If I were to have read something written like this, I would feel terrible.  Despite my putting myself out there, I still like to be liked; yet when you take someone’s children into the equation, you are quite literally stamping on them from a great height.  No doubt VB has toughened up to this sort of thing, but I would hate for any women to think that that is how they are judged.  She has built an amazing global business, investing her time and money into something that she loves doing.  She has to spend enough time away from her family without being made to feel that she isn’t doing enough in their lives.  Ultimately a happy mummy is a happy family, so why shouldn’t she be focused on something that adds another dimension to her life, as well as providing more security and a legacy for her family?

I don’t know VB so I can’t talk for her, but I do know that I can’t possibly be a stay at home mother.  I have tried.  It strained my relationship with Ian and made me resentful.  My daughter on the other hand loves to visit me at work, and will sit next to me in my home office with her laptop so she, “can work too mummy.  Just like you.”  Personally, I think this is a great mind-set for her to have.  It will enable her (I hope) to be just as driven as she grows up, but I also hope she remembers how far people have come so that women globally are able to have these choices, and not, albeit unintentionally, stab someone in the back for some clicks on a website. 

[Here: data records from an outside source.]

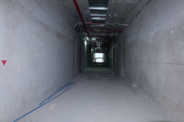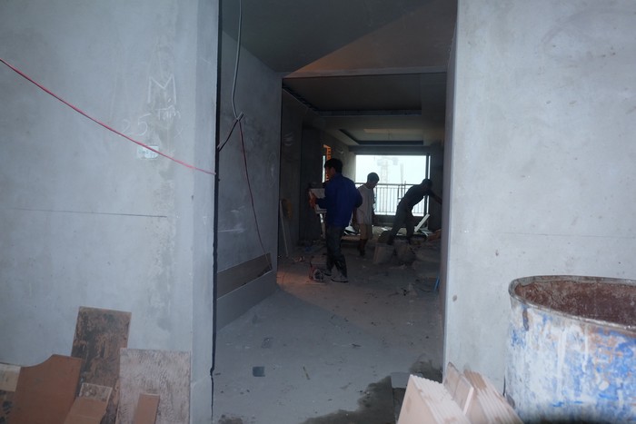 Trên các tầng, đội ngũ nhân công vẫn miệt mài triển khai phần hoàn thiện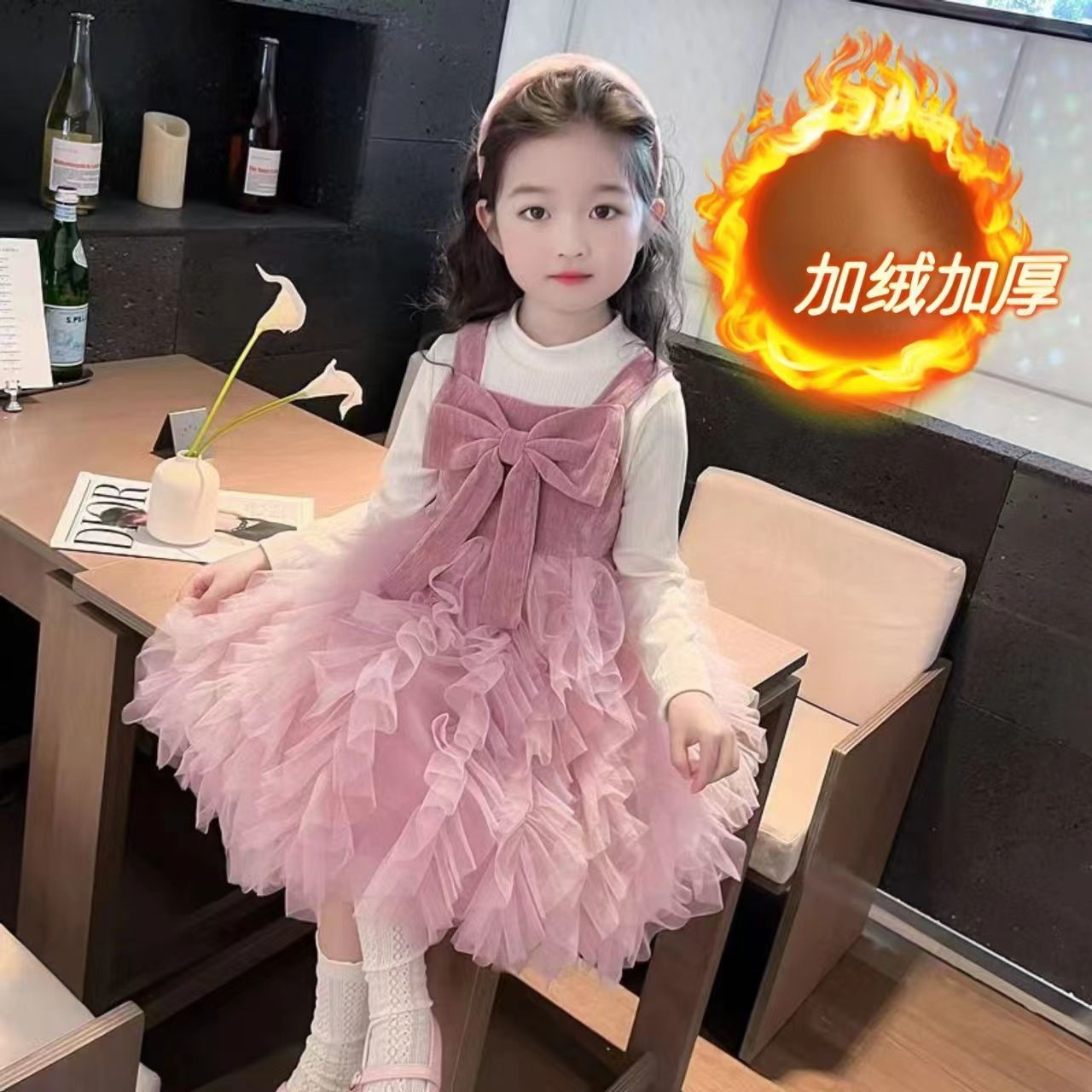 여아 드레스 세트 가을 겨울 2025 신상 어린 소녀 퍼프 메쉬 스커트 아기 끈 원피스 공주 드레스스토어 가기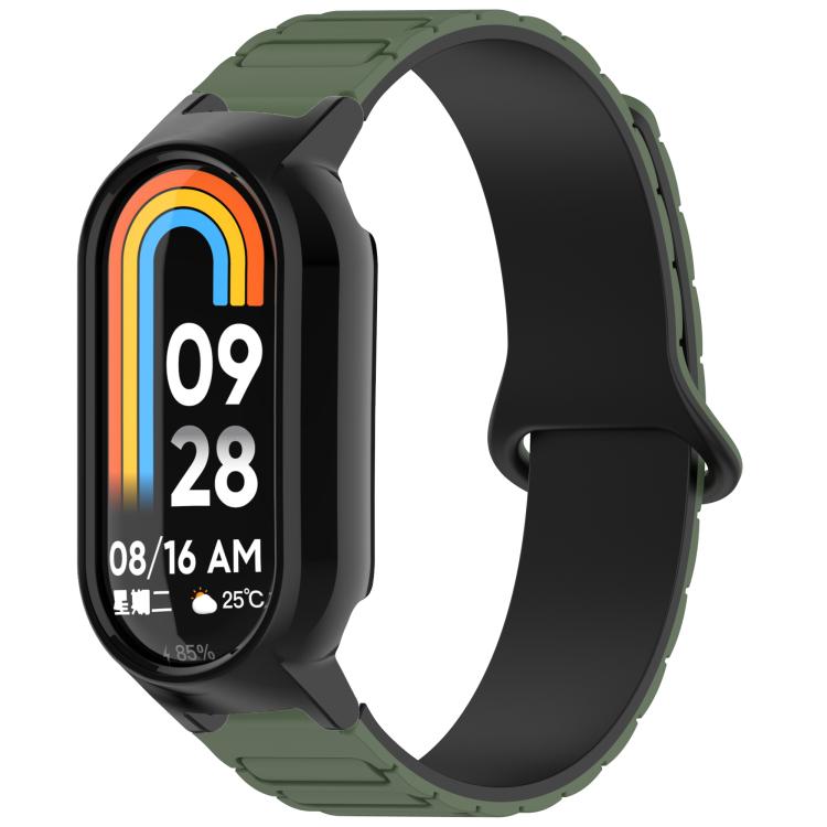 Para Xiaomi Smart Band 9/9 NFC Watch Case Correa de reloj de silicona magnética en forma de I integrada (verde, negro y negro)
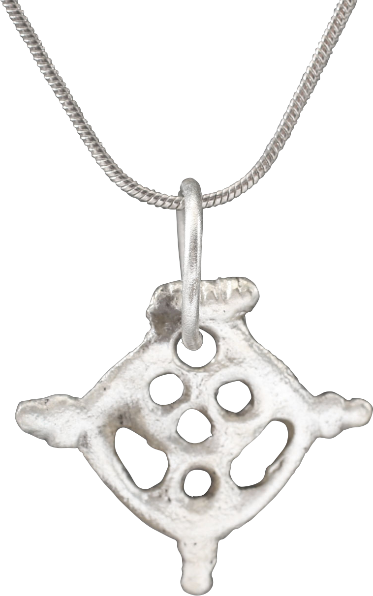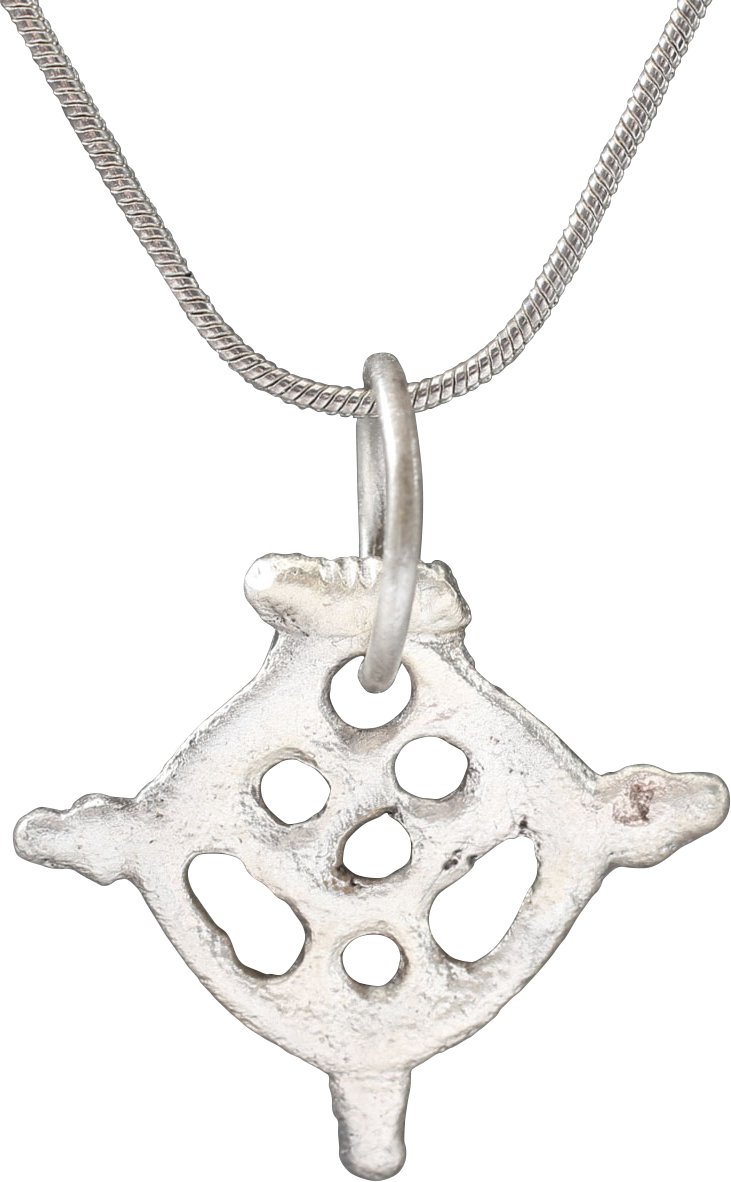 Silvered bronze, circular with a pierced matrix. That form evolved from the earlier crusader’s crosses. Trefoil nubs at the quarter points defining a cross with “crutches having been an element in the arms of Godfrey Bouillon which he wore during the First Crusade. Godfrey of Bouillon was a Frankish Knight of the First Crusade, known as Baron of the Holy Sepulcher and the Crusader King, ruler of the Kingdom of Jerusalem following its victorious siege in the First Crusade. For that reason, it is also known as the Jerusalem Cross. The top with an armorial bar indicating that the owner was of the noble class. Just under 1” (0.97”) height. The silver surface restored and suspended from an 18” sterling silver neck chain for modern wear. Gift boxed with certificate of authenticity.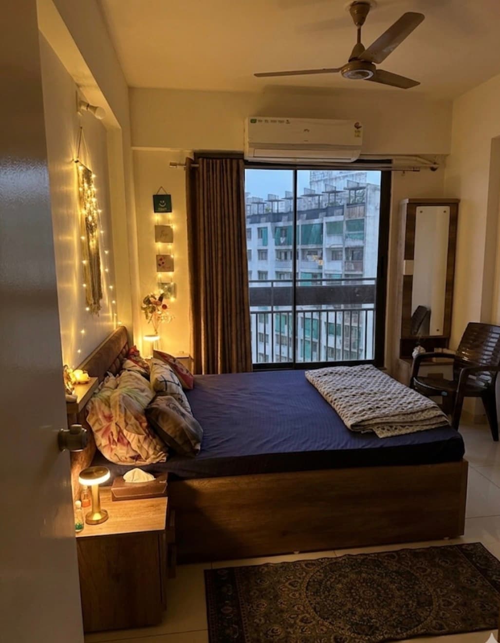 A modern, serene, and immaculately kept 2BHK apartment in the secure and peaceful Shantigram society. Designed with a clean, light, and airy aesthetic, this entire apartment offers superior comfort and convenience for families or groups (up to 4 guests). Your Pristine Stay Includes: * Two Queen Bedrooms * Enjoy perfect temperatures with 3 AC units living area and bedrooms * Fully Equipped Kitchen * Modern Utilities: Washing Machine and Instant Geysers in both bathrooms for hot water * WiFi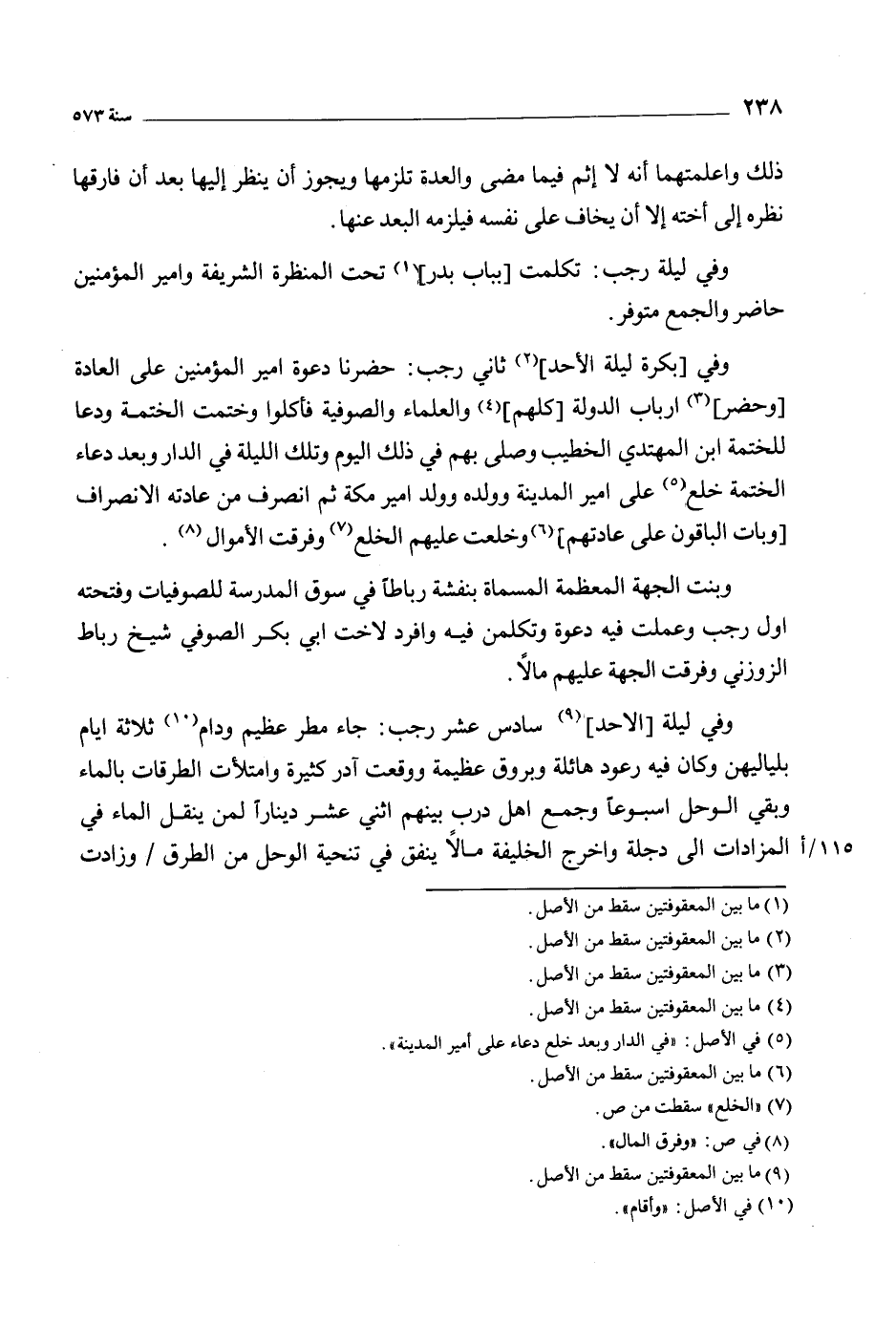 وفي ليلة [الأحد] [9] سادس عشر رجب: جاء مطر عظيم ودام [10] ثلاثة أيام بلياليهن وكان فيه رعود هائلة وبروق عظيمة ووقعت آدر كثيرة وامتلأت الطرقات بالماء وبقي الوحل أسبوعا وجمع أهل درب بينهم اثني عشر دينارا لمن ينقل الماء في 115/ أالمزادات إلى دجلة وأخرج الخليفة مالا ينفق في تنحية الوحل من الطرق/ وزادت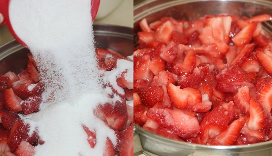 بعد تنظيف الفراولة وغسلها جيدا، تقطع حسب الرغبة لقطع صغيرة، ويوضع عليها السكر، وتوضع في الثلاجة لمدة لا تقل عن 6 ساعات، وتصل إلى ليلة كاملة.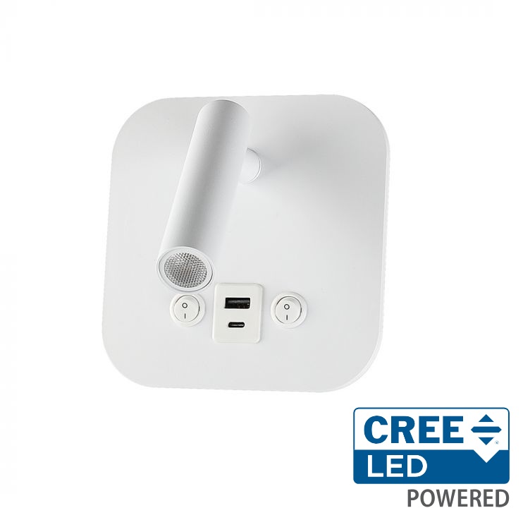 8W LED sieninis šviestuvas, baltas, 3000K, su USB/PD jungtimi, CREE LED chip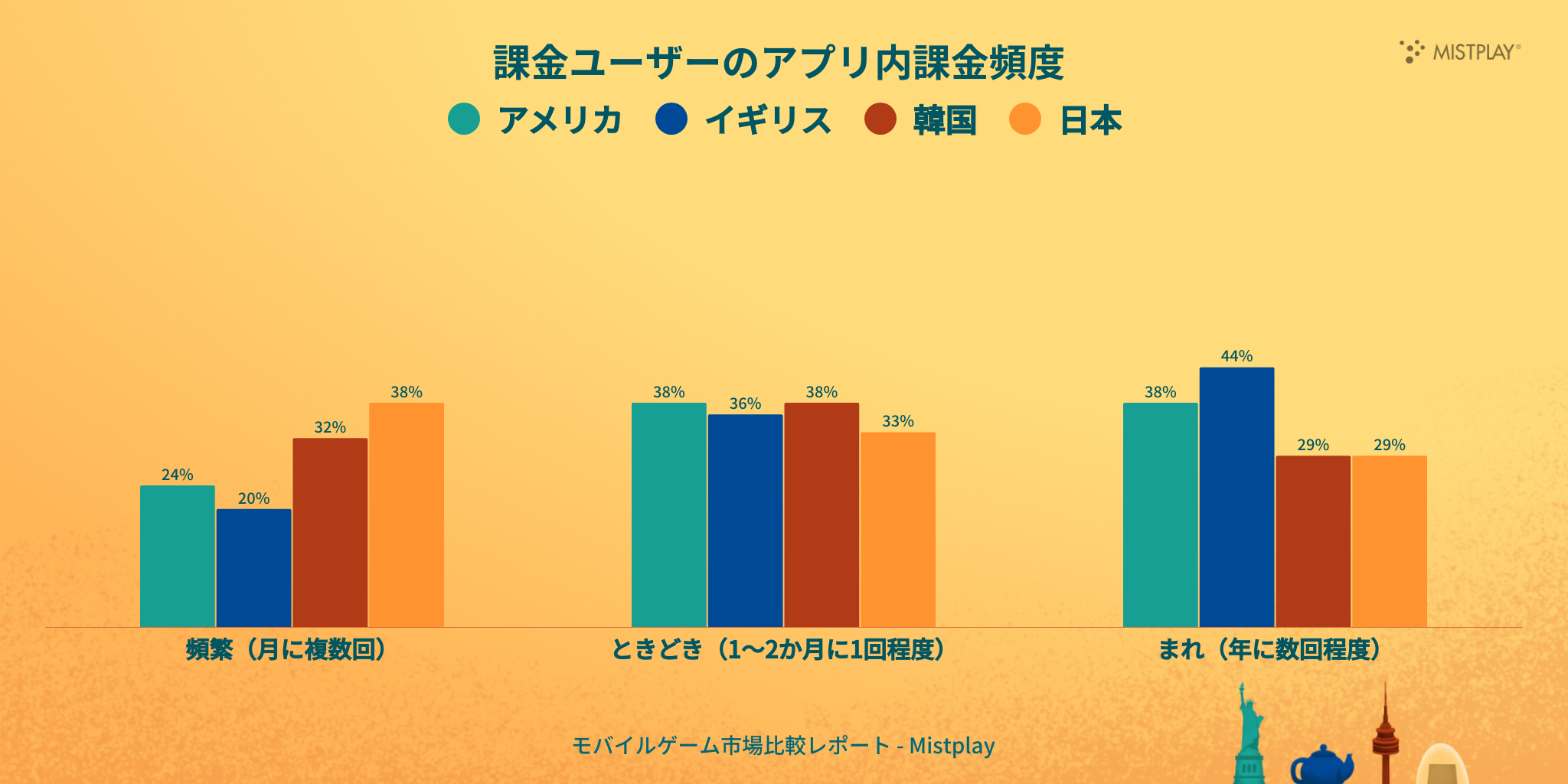 日本の課金傾向は最盛期 – 日本のプレイヤーは、モバイルゲーム市場において極めて質の高いユーザーです。課金して遊ぶプレイヤーの割合、1回あたりの平均課金額ともに日本がトップで、月に複数回課金する人の割合も他国と比較して高く(38%)、日常的に1回のIAP*1あたり10ドル以上を支払う人も3分の1(33%)にのぼります。同レベルの課金額は10人に1人にも満たない米英市場を大きく上回る水準です。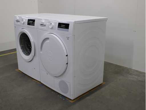 Deze wasmachine en wasdroger komen uit een partij jong gebruikt A-Merk witgoed. De machines zijn volledig getest, gereinigd en indien nodig gerepareerd. Houdt er rekening mee dat de machines lichte gebruikssporen kunnen hebben. Wasmachines en wasdrogers hebben vaak standaard afmetingen. Hoogte 85cm, Breedte 60cm en Diepte 60 tot 70cm, incl. uitstekende slangen e.d. aan de achterzijde. Als de machine vrij komt te staan is de afmeting minder relevant. Wil je de machine in een nis plaatsen of inbouwen? Controleer dan de exacte afmetingen op basis van het aangeboden merk en model/type.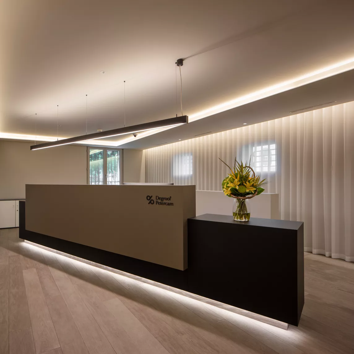 Projet d’aménagement intérieur d’un bâtiment administratif pour une banque privée.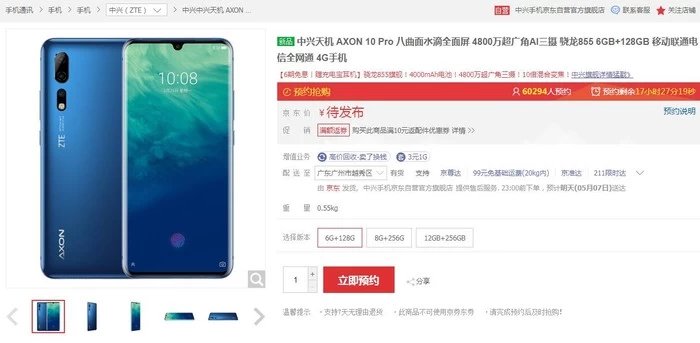 备受大家关注中兴天机Axon10Pro目前在兴官方商城、京东、天猫等平台开启预约,中兴天机10pro配置参数已经在网上商城曝光,中兴天机10pro发布会今晚19点在福州举行,该机售价将于今晚揭晓,有兴趣朋友可以关注一下。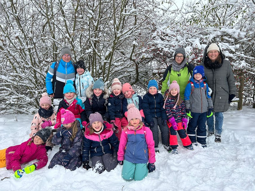 Federführend ist die Betreuerin Nicole Venzl, die mit Sigrid Strobel und Claudia Seidler fleißige und umsichtige Mitarbeiterinnen hat. Was nicht zu erwarten war, aber riesige Freude bereitete, war die Abschlusswanderung im Dezember, bei der es tiefen Schnee gab. Vom Kreislehrgarten auf dem Bocklradweg ging es nach Haupertsreuth. Spiel und Spaß im Schnee war das absolute Highlight. In Haupertsreuth angekommen gab es eine kleine Stärkung mit Lebkuchen und Kinderpunsch. Der Rückmarsch über den Bockradweg ließ die Kinder noch einmal so richtig austoben.

For the writer of the article, I only hope that in a few years time she won’t feel so judged when she is balancing a career and a family life.  Even worse, I hope she doesn’t get so worn down at trying to live up to her own expectations on motherhood, that she losses sight of her own dreams and aspirations, and gives up working completely.

Most of all, I just don’t understand why all parents aren’t just allowed to parent as they see fit.  Every family is different.  Every child is different.  To get through each day, you do what you have to do.  Who are we to judge if that is right or wrong?